September 1, 2014 at 7:13 pm

Chef helps Lions' Nick Fairley get serious about diet, earn back starting job

Nick Fairley is in his fourth season with the Lions; he was drafted in the first round in 2011. (Daniel Mears / Detroit News)

Allen Park — Lions defensive tackle Nick Fairley said his demotion to second string this summer opened his eyes to what the team needed from the 2011 first-round pick.

So, two Saturdays ago, less than a week after the demotion, Fairley did something to help curb his weight gain and earn back his starting job from C.J. Mosley.

“I got a chef,” he said Monday.

And all of those healthy, homemade meals worked. As of Monday, Fairley said he weighed 305 pounds, down from the 315 he weighed when he was demoted. Although his weight can still fluctuate on a daily basis, eating right consistently has helped him stay closer to his ideal weight, and according to the team’s first regular-season depth chart, put him back in the starting lineup.

“I feel a whole lot better just by not putting that bad stuff in my body,” Fairley said. “You feel the energy, and you feel it out there at practice.”

Fairley’s personal chef delivers him three meals a day, five days a week — he’s on his own on the weekends with the Lions’ travel schedule. So far, Fairley said the meals have included salmon, baked chicken, meatloaf and stir-fry, and he brings breakfast and lunch to the Lions’ facility.

“That’s something I actually wanted to do because I knew my weight was a problem,” he said. “For me to do that, I had to eat better, eat healthier. I like to cook but I don’t like to cook every day, so it kind of helped me out in the long haul.”

Eating fast food too frequently had been a problem for Fairley, and he admitted that he ate McDonald’s with his girlfriend on Saturday. But the Lions had their first weekend off since July, and Fairley recognizes that moderation is the key to keeping his weight down.

Fairley said his agent helped him find the local chef and that this was an idea they discussed last year.

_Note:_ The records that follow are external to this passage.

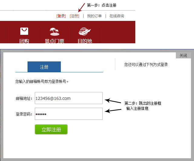 在网站右上角点击 [注册] ,弹出一个注册框,填入邮箱地址、登陆密码及可注册成功。步骤如图所示: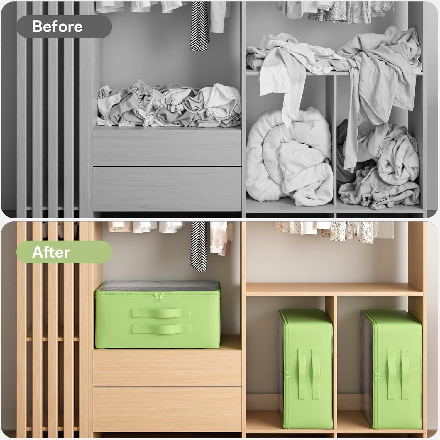 Clothes Storage Bags, Foldable Thick Fabric Blanket Storage Bags, Large Clear Window & Carry Handles, Great for Clothes, Blankets, Closets, Pillows, Toys (Green, Extra-2Pack)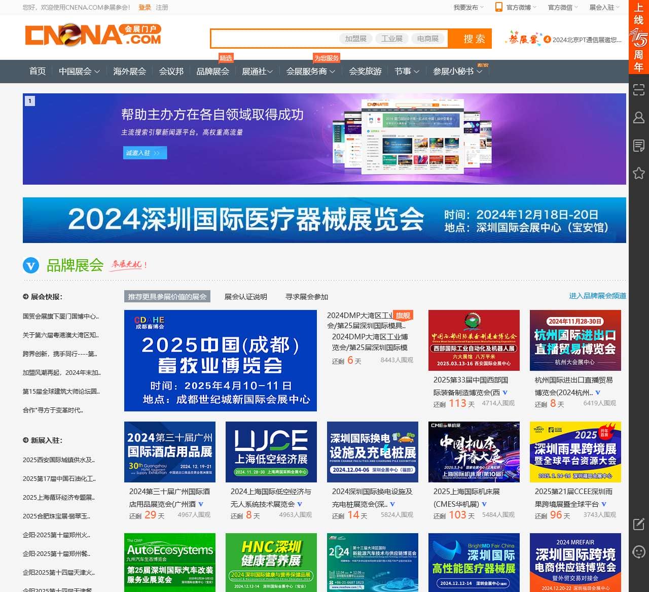 全球7万+展会驻站招展,每年都有海量企业从这里走向全球展会现场。CNENA深耕中国会展业15年,是主流搜索引擎新闻源网站。每场展会均由组展方驻站上传。信息零采集,参展更放心!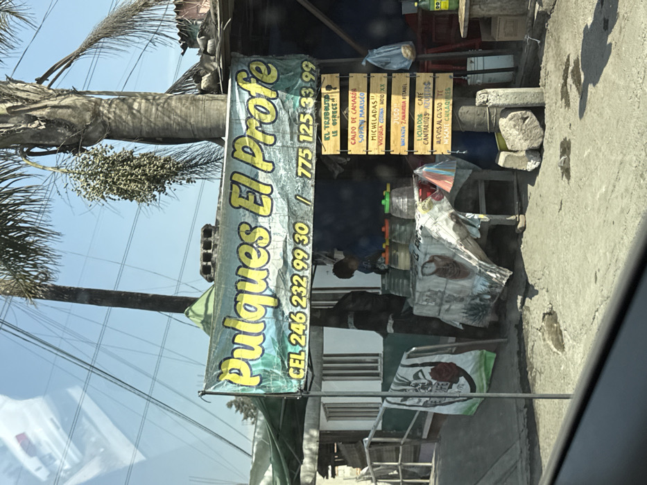 A roadside stand identified as "Pulques El Profe" offers a variety of food and drinks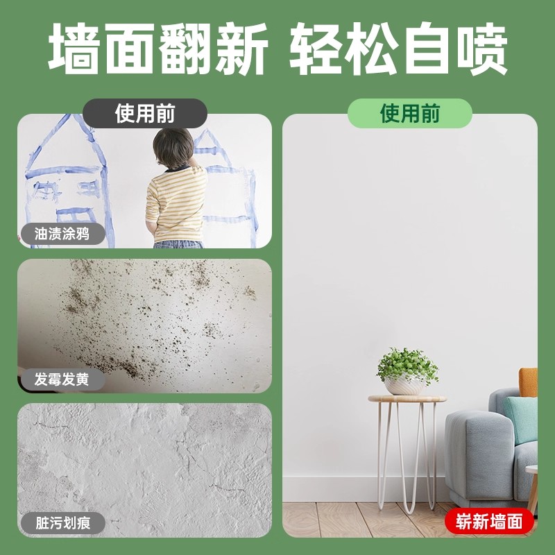 墙面自喷漆白色家用白墙面去污修墙漆复补墙漆乳胶漆室内翻新环保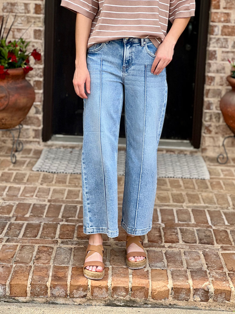 Risen | Mid Rise Crop Pintuck Jeans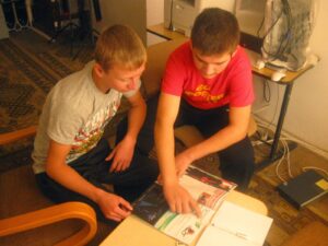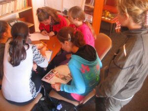 Elevii jurnalişti pregătesc materiale pentru concluzii în Centrul de Documentare şi Informare,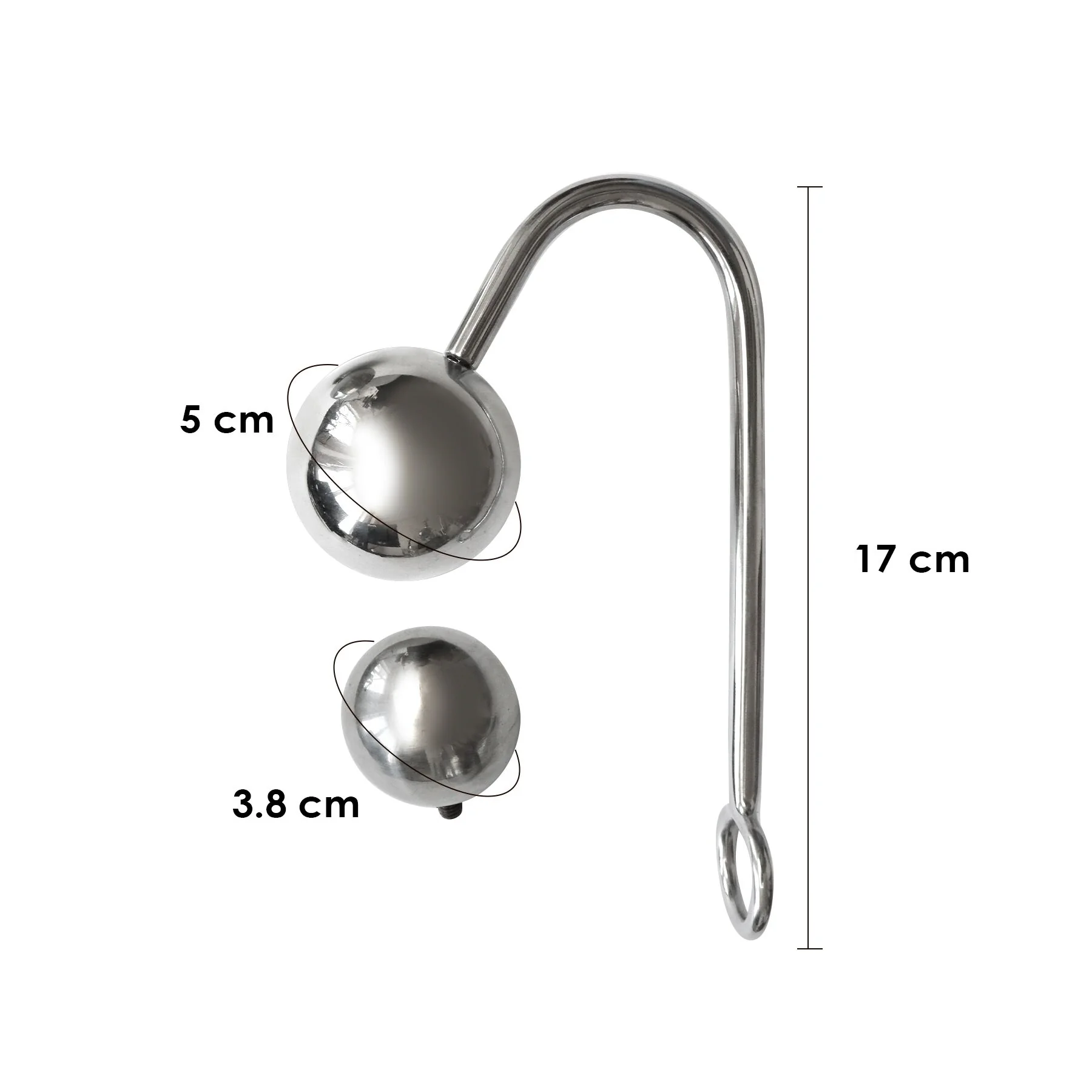Розміри: обхват шиї 30–43 см, обхват зап’ясть 16–20 см, довжина гака 17 см, діаметр кульок 5 та 3,8 см.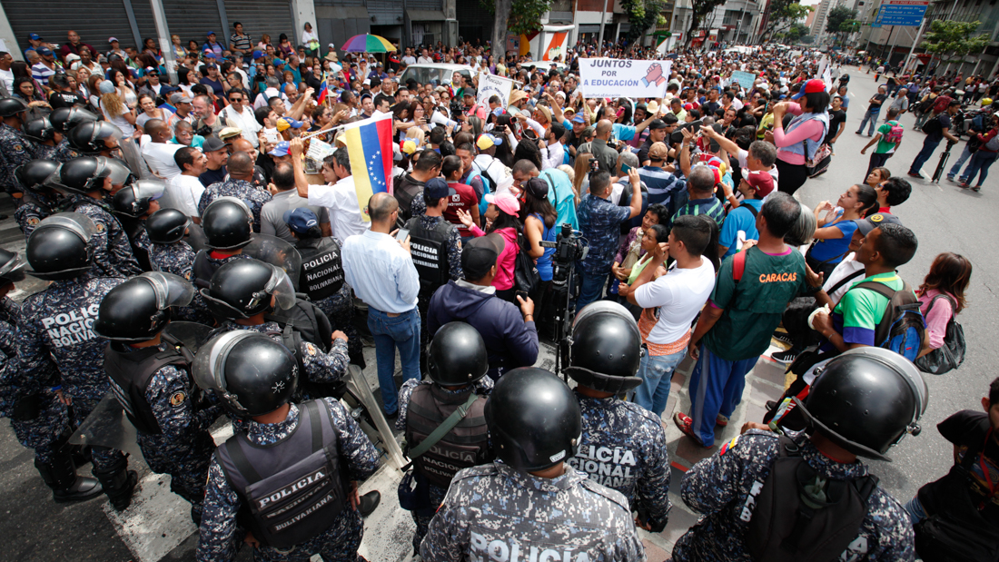 En el lugar, se encontraban funcionarios de la Policía Nacional Bolivariana (PNB), quienes trataron de frenar el paso de los manifestantes, lo que generó el enfrentamientos entre uniformados y civiles. Sin embargo, los educadores lograron pasar el piquete policial y continuar con la protesta.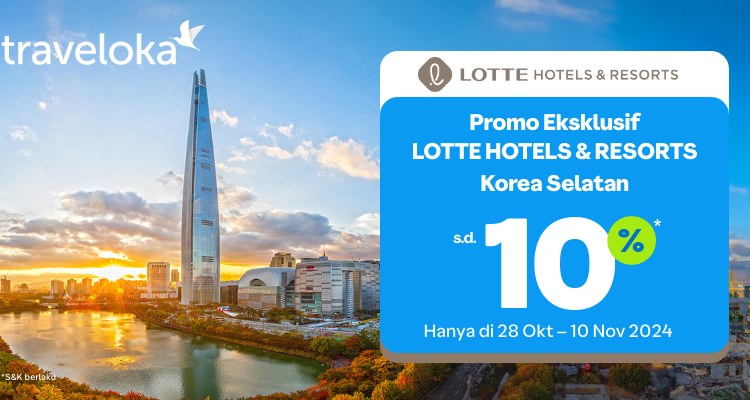 Jangan lewatkan penawaran eksklusif dengan diskon hingga 10% untuk menikmati pengalaman menginap yang tak terlupakan di Korea Selatan bersama LOTTE HOTELS & RESORTS dan Traveloka!

“I just never got along with it. I just felt like I could do it on my own,” he said. “I just went to him after (the demotion) and I was like, ‘Let’s give it a shot; let’s give it a try.’”

Coach Jim Caldwell and defensive coordinator Teryl Austin holding Fairley accountable for his play and ballooning weight ultimately paid off as he continually improved throughout the four exhibition games, and he had a half sack in the finale in Buffalo Thursday.

“I wouldn’t say nothing changed,” he said. “It just opened my eyes up that they need me to go play more consistent and that’s what they want out of me.”

Consistency has been the buzzword around Fairley since he’s entered the league, but his talent is undeniable. During a stretch of five games in 2012, Fairley had 23 tackles, four sacks and two forced fumbles, but he’s had too many games the past two years in which he hasn’t produced.

Regardless, All-Pro defensive tackle Ndamukong Suh said two weeks ago that Fairley “has an opportunity to be better than me” because he’s a more gifted athlete.

“For Suh to say that about me, it opened (my eyes) up just knowing that he has my back,” Fairley said. “He’s alongside me, putting in the work, so I know he’s there for me.”

Veteran defensive end Jason Jones has also been a spectator of this situation and has been impressed with how Fairley earned back the starting job.

“He’s being professional,” Jones said. “Nick is not a bad guy at all. He’s going through things with the coaches, and they worked it out. He’s back where he should be.”

Fairley couldn’t put his finger on an exact reason for his inconsistencies during his first three NFL seasons, but he said there haven’t been any personal issues bogging him down.

“I wouldn’t say it’s my weight, but we all can agree that a certain weight, my level of play is more consistent,” he said.

Entering a contract year, Fairley would be wise to find a way to be consistent, and if he is, the tandem of him and Suh can finally reach its massive potential.